Figure 1 illustrates the four hydrogens of CH_{4} numbered [17] and placed at the corners of a cube whose faces are perpendicular to the Cartesian axes. At least six other schemes for associating numbered hydrogens with corners of the cube in Fig. 1 occur [5, 9, 18-21]. Examination of Fig. 1 shows it to be invariant (apart from atom numbering) under the following 24 point group operations: the identity; eight three-fold rotations; three two-fold rotations; six four-fold rotation-reflections; and six planar reflections. The point group consisting of these operations is called T_{d}. Its character table [2-4] is given in Table 1.

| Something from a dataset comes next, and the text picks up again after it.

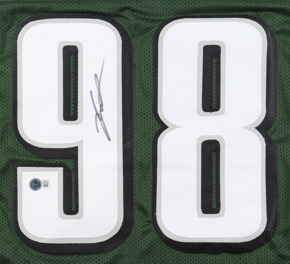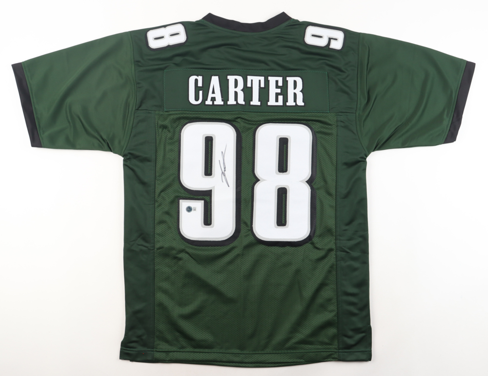 Custom jersey. Everything is sewn on, size L. Hand-signed by Jalen Carter.

E | 8C_{3} | 3C_{2} | 6S_{4} | 6σ_{d} | |||
---|---|---|---|---|---|---|---|
A_{1} | 1 | 1 | 1 | 1 | 1 | α_{xx} + α_{yy} + α_{zz} | |
A_{2} | 1 | 1 | 1 | -1 | -1 | ||
E | 2 | -1 | 2 | 0 | 0 | (2α_{zz} - α_{xx} - α_{yy} , α_{xx} - α_{yy}) | |
F_{1} | 3 | 0 | -1 | 1 | -1 | R | |
F_{2} | 3 | 0 | -1 | -1 | 1 | T | (α_{yz} , α_{zx} , α_{xy}) |
The individual operations occurring in this point group for a methane molecule oriented as shown in Fig. 1 will be denoted here by the symbols: E; C_{3}(1,1,1), C_{3}^{2}(1,1,1), C_{3}(-1,1,1), C_{3}^{2}(-1,1,1), C_{3}(-1,-1,1), C_{3}^{2}(-1,-1,1), C_{3}(1,-1,1), C_{3}^{2}(1,-1,1); C_{2}(x), C_{2}(y), C_{2}(z); S_{4}(x), S_{4}^{3}(x), S_{4}(y), S_{4}^{3}(y), S_{4}(z), S_{4}^{3}(z); and σ_{d}(0,1,1), σ_{d}(0,-1,1), σ_{d}(1,0,1), σ_{d}(1,0,-1), σ_{d}(1,1,0), σ_{d}(-1,1,0); respectively, where directions of three-fold rotation axes and of perpendiculars to the planes of reflection are specified by three indices representing coefficients of unit vectors along the Cartesian axes x,y,z. One of these geometrical symmetry operations in general will be denoted by P.